WORK INSTRUCTIONS
From the line containing "Решение уравнений движения" down to the last line of the listing, quote everything word for word, and nothing else, keeping pictures out.

INFORMATION PROVIDED
************

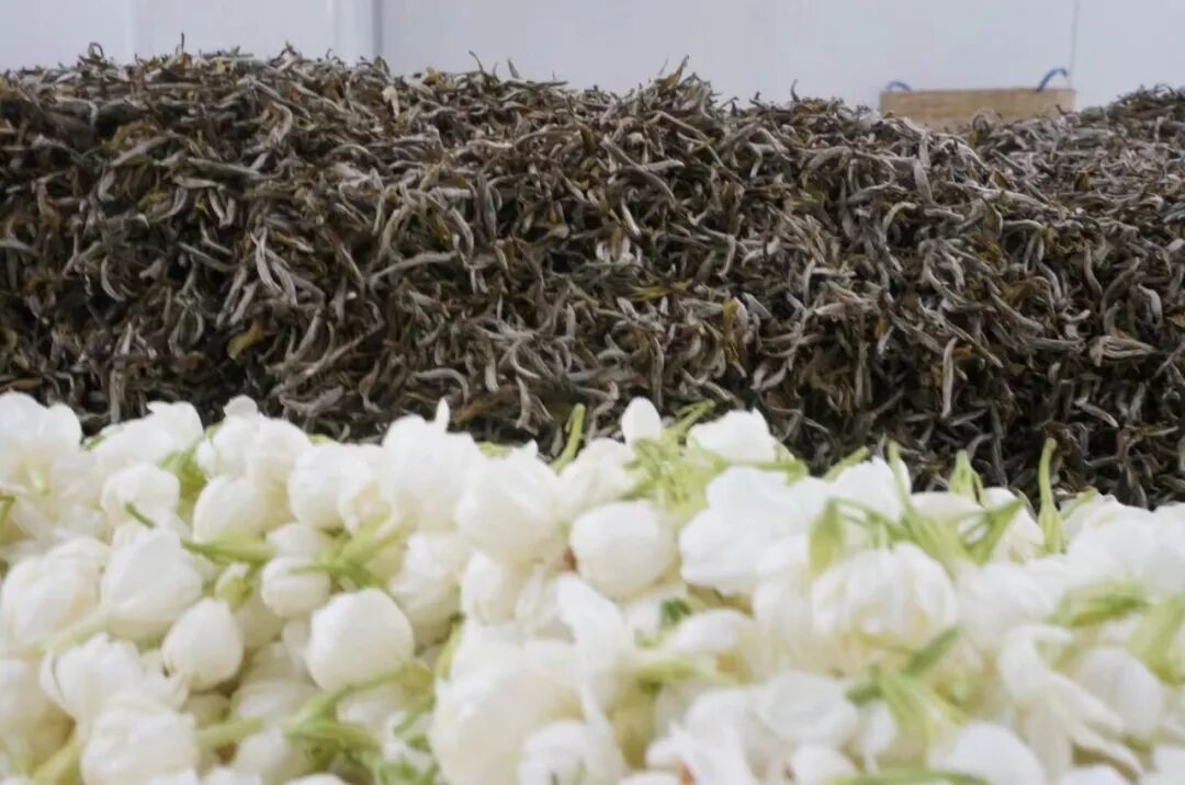 茉莉花茶的窨制工序復(fù)雜繁瑣,搭堆拌和、通花散熱、起花靜置,茶花分離完、烘干完才算一個窨次,九窨,則需要如此重復(fù)九遍。
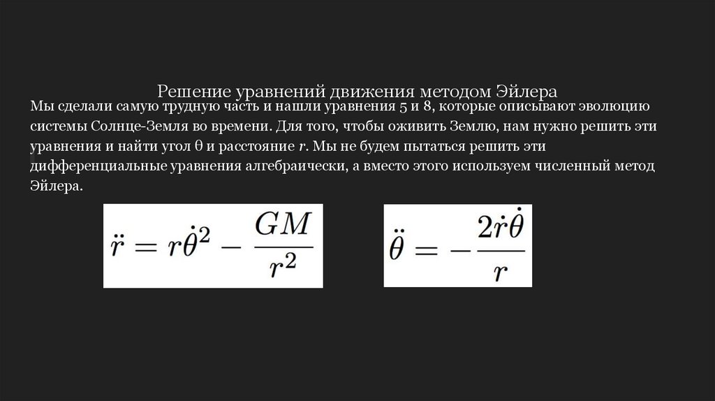 Решение уравнений движения методом ЭйлераМы сделали самую трудную часть и нашли уравнения 5 и 8, которые описывают эволюцию
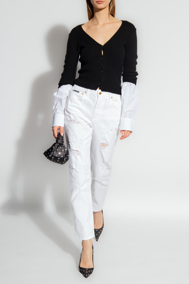 Black cardigan from T by Alexander Wang. Crafted in a wool and yak wool blend, this style features a rib-knit texture and light blue cotton shirt-like cuffs.

************

REPLY
 Решение уравнений движения методом ЭйлераМы сделали самую трудную часть и нашли уравнения 5 и 8, которые описывают эволюцию
 Black cardigan from T by Alexander Wang. Crafted in a wool and yak wool blend, this style features a rib-knit texture and light blue cotton shirt-like cuffs.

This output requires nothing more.